Курт повидал целый батальон специалистов в области желудочно-кишечного тракта, которые делали ему рентген, проверяли верхние и нижние отделы желудочно-кишечного тракта, проводили томографию и т. д. Он был слаб. И был готов сорваться.
– Курт плакал уже несколько недель подряд, – говорит Кортни. – Ничего, кроме плача. Мы только и делали, что плакали. Это было ужасно.
Поначалу Курт не понял всей сути истории с Vanity Fair.
– Это было явно неприятно, – говорит он, – но я был в таком уязвимом состоянии, и мой разум был настолько затуманен после приема наркотиков, что я предпочел бы просто отложить этот вопрос на некоторое время, но Кортни была очень расстроена этой ситуацией. У нее вот-вот должен был родиться ребенок – и она явно не была в состоянии затуманенного сознания.
Постепенно до Курта дошло, как эта история влияет на их с Кортни репутацию.
– Однажды я пришел в себя и понял, как это ужасно, – говорит он. – Статья определенно оказала негативное влияние на наше финансовое благополучие, наш имидж и все остальное.
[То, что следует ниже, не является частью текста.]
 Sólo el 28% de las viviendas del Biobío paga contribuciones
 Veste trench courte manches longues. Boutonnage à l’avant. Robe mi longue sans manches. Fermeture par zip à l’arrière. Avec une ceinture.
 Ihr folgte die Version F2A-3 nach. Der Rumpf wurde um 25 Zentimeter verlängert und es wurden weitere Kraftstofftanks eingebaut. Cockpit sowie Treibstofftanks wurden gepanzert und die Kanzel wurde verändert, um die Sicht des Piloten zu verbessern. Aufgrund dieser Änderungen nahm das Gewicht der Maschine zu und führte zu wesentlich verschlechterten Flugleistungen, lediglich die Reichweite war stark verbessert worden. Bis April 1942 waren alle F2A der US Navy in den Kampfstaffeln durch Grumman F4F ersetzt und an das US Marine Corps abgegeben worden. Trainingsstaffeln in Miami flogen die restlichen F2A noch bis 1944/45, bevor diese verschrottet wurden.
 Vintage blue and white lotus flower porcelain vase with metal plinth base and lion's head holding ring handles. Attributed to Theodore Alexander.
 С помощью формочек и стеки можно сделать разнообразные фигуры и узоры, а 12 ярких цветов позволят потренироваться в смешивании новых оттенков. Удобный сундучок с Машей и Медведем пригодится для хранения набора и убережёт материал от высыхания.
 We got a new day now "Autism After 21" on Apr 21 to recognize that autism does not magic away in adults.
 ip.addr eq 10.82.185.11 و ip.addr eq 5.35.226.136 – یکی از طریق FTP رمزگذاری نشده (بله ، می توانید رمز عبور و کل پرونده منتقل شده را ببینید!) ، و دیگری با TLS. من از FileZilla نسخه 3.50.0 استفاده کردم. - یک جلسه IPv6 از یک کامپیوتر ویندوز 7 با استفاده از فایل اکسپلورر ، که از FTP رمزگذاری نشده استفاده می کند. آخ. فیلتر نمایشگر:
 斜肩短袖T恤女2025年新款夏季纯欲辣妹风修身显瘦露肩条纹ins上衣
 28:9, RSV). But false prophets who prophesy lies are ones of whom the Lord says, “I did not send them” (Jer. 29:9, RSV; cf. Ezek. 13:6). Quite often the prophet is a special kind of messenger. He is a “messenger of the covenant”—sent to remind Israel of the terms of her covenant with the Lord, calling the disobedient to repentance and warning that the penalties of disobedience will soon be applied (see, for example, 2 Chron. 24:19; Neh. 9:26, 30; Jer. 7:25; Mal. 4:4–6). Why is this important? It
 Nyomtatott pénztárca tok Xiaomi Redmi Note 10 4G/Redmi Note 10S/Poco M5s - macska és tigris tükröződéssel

И поскольку статья в Vanity Fair была основана по большей части на неназванных «внутренних источниках», им пришлось столкнуться с глубоким разочарованием и паранойей, возникшими из-за того, что некоторые из их самых доверенных друзей и партнеров предали их.
– К тому времени мы уже превратились в карикатурных персонажей, и это оправдывало всю ложь и слухи, – говорит Курт. – Мне показалось удивительным, что кому-то может сойти с рук что-то подобное, и Хиршберг не посадят за это в тюрьму, не арестуют и не засудят. Я думал, что мы сможем подать на нее в суд, но на то, чтобы бороться в суде с издателем Vanity Fair и Conde Nast, который поддержал бы ее, потребовались бы миллионы долларов.
Я просто решил: «К черту все это, я больше не хочу быть в группе. Это не стоит того. Я хочу убить Хиршберг», – говорит Курт. – Как только я выберусь из этой гребаной больницы, я убью эту женщину голыми руками. Я зарежу ее. Сначала я возьму ее собаку и выпотрошу ей кишки прямо у нее на глазах, а потом обосру ее и зарежу.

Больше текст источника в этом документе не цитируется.